DATASET EXCERPT below:

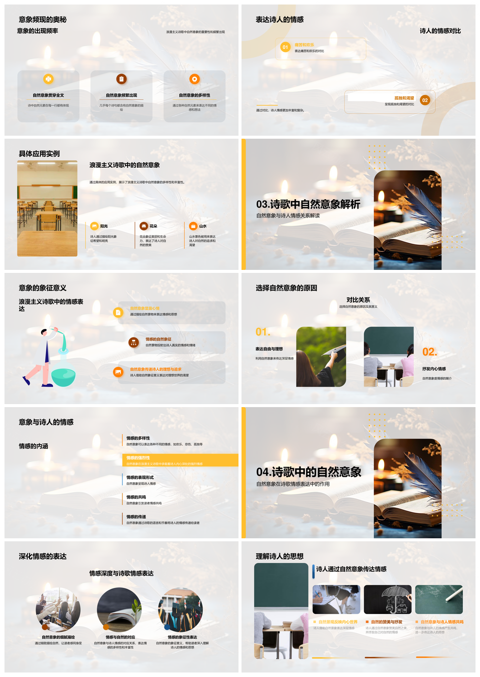 这是一张19世纪欧洲浪漫诗歌自然意象情感象征PPT模板,包含19世纪、欧洲、浪漫诗歌、自然意象、情感象征等主题内容,也可用作19世纪欧洲浪漫诗歌自然意象、欧洲浪漫诗歌自然意象情感象征、浪漫诗歌自然意象情感象征、19世纪欧洲诗歌自然意象、19世纪欧洲浪漫诗歌、欧洲浪漫诗歌自然意象、浪漫诗歌自然意象、诗歌自然意象情感象征、欧洲浪漫诗歌、19世纪欧洲浪漫、浪漫诗歌自然意象、自然意象情感象征、19世纪欧洲、欧洲浪漫、浪漫诗歌等PPT场景使用。 风云办公提供的19世纪欧洲浪漫诗歌自然意象情感象征PPT模板,下载格式为pptx,一共23页,作品中文字及图均可以修改和编辑,图片更改请在作品中右键图片并更换,文字修改请直接点击文字进行修改。
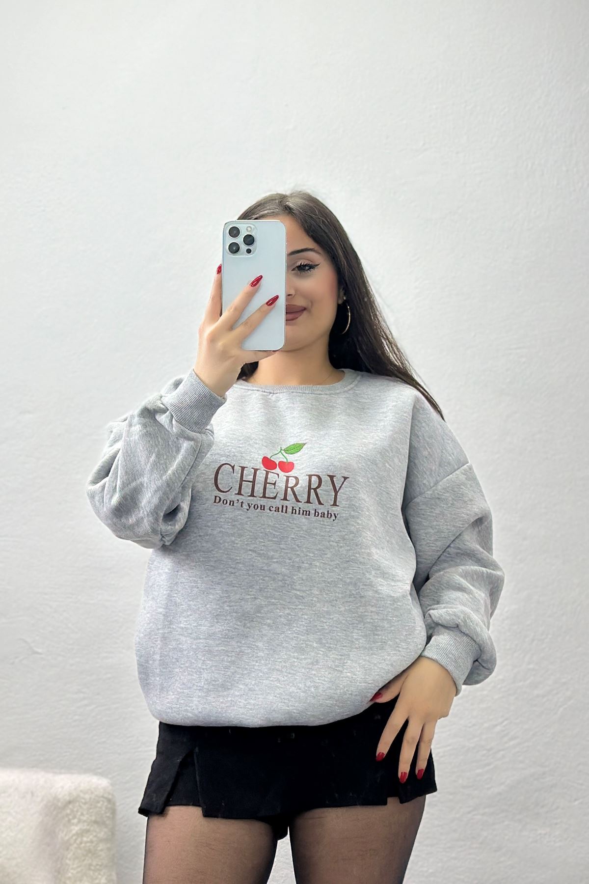 3 İplik Şardonlu Oversize Sweat Gri - 50923.1878.
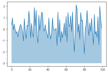 fill_between은 선 아래의 영역을 채워주는 옵션입니다.

End of DATASET EXCERPT.

Exact repetition of each line above is expected; images are to be omitted.

 这是一张19世纪欧洲浪漫诗歌自然意象情感象征PPT模板,包含19世纪、欧洲、浪漫诗歌、自然意象、情感象征等主题内容,也可用作19世纪欧洲浪漫诗歌自然意象、欧洲浪漫诗歌自然意象情感象征、浪漫诗歌自然意象情感象征、19世纪欧洲诗歌自然意象、19世纪欧洲浪漫诗歌、欧洲浪漫诗歌自然意象、浪漫诗歌自然意象、诗歌自然意象情感象征、欧洲浪漫诗歌、19世纪欧洲浪漫、浪漫诗歌自然意象、自然意象情感象征、19世纪欧洲、欧洲浪漫、浪漫诗歌等PPT场景使用。 风云办公提供的19世纪欧洲浪漫诗歌自然意象情感象征PPT模板,下载格式为pptx,一共23页,作品中文字及图均可以修改和编辑,图片更改请在作品中右键图片并更换,文字修改请直接点击文字进行修改。
 3 İplik Şardonlu Oversize Sweat Gri - 50923.1878.
 fill_between은 선 아래의 영역을 채워주는 옵션입니다.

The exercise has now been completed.